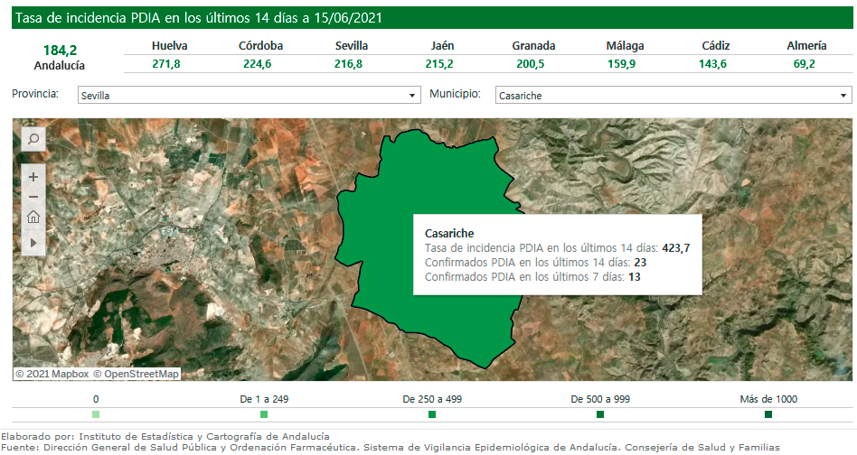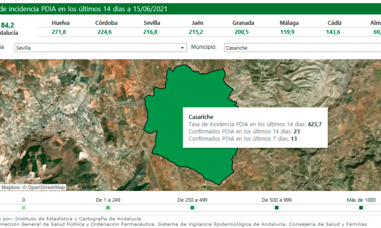 En las últimas 24 horas, se ha registrado tres nuevos contagios por COVID19 según los datos oficiales publicados por el Instituto de Estadística y Cartografía de Andalucía y por la Consejería de Salud y Familias.
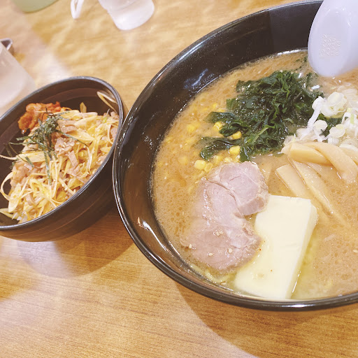 黄色い中華麺でわかめやネギを絡めてずるずる^.^ 正直味噌としょうゆの違いがあまりわかんなかったけど味噌バターコーンは安定の旨さでした。
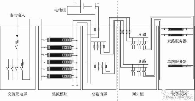 圖4為240V高壓直流供電系統(tǒng)圖(通信行業(yè)標(biāo)準(zhǔn)YD/T 2378-2011圖A.1)。由圖中可以看出,電池組經(jīng)熔斷器與整流模塊輸出端在總輸出屏構(gòu)成輸出母排,系統(tǒng)兩路輸出(A路和B路),通過列頭柜配電,來滿足雙電源服務(wù)器的需求,而單電源服務(wù)器僅使用A路或B路。
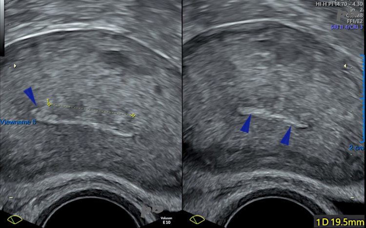 Muqueuse et cavité utérine (►) très épaissies et hétérogènes, avec effacement de l’interface en postérieur (marqueur supérieur ► sur l’image gauche).
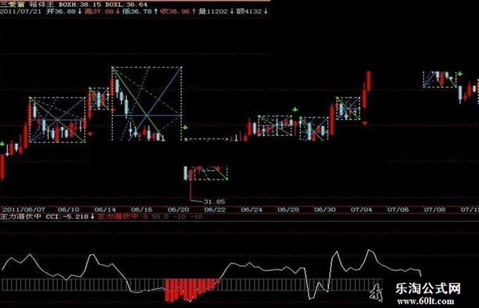 STICKLINE((top<>REF(top,1)or bot<>REF(bot,1)) AND xx=1 AND REF(xx,1)=5,top,bot,1,0),Color3399FF,linethick2;//左侧竖线
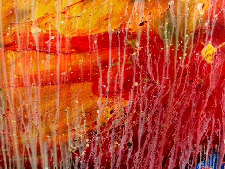 Dieses abstrakte Acrylbild ist ein handgemaltes Original vom Künstler Alex Zerr aus Bad Lisppringe und ist im Jahr 2016 in seinem Atelier entstanden. Das Bild hat eine Größe von 80x180cm und ist bereits auf einem hochwertigen und stabilem Rahmen aufgespannt. Dadurch kann das Bild nach der Lieferung direkt an die Wand gehängt werden und sofort in Ihrem Raum wirken. Alle Seiten des Gemäldes sind passend zum Motiv bemalt, so dass kein zusätzlicher Rahmen benötigt wird.
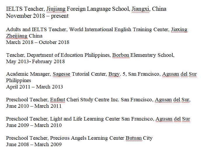 國籍: 塞爾維亞 求職意向: 教師
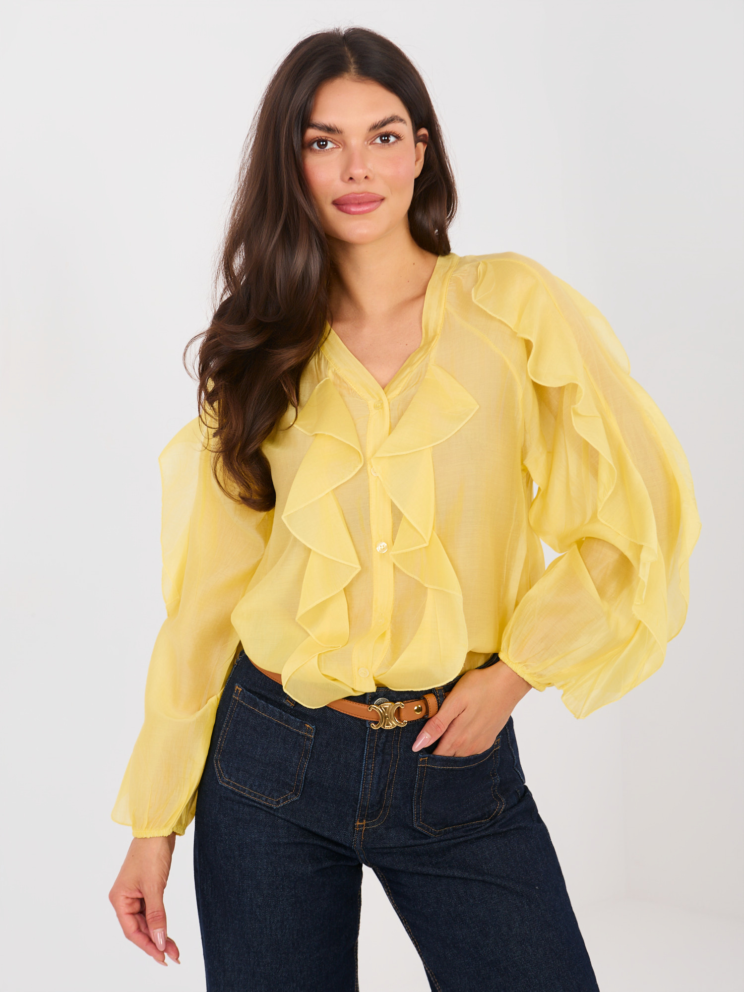 Żółta półprzezroczysta koszula z dekoltem V
..........
## Task directions:
Beginning at the first line of the listing, print each line exactly until and including the one that has "黄色い中華麺でわかめやネギを"; skip pictures.

## Worked solution:
 En las últimas 24 horas, se ha registrado tres nuevos contagios por COVID19 según los datos oficiales publicados por el Instituto de Estadística y Cartografía de Andalucía y por la Consejería de Salud y Familias.
 黄色い中華麺でわかめやネギを絡めてずるずる^.^ 正直味噌としょうゆの違いがあまりわかんなかったけど味噌バターコーンは安定の旨さでした。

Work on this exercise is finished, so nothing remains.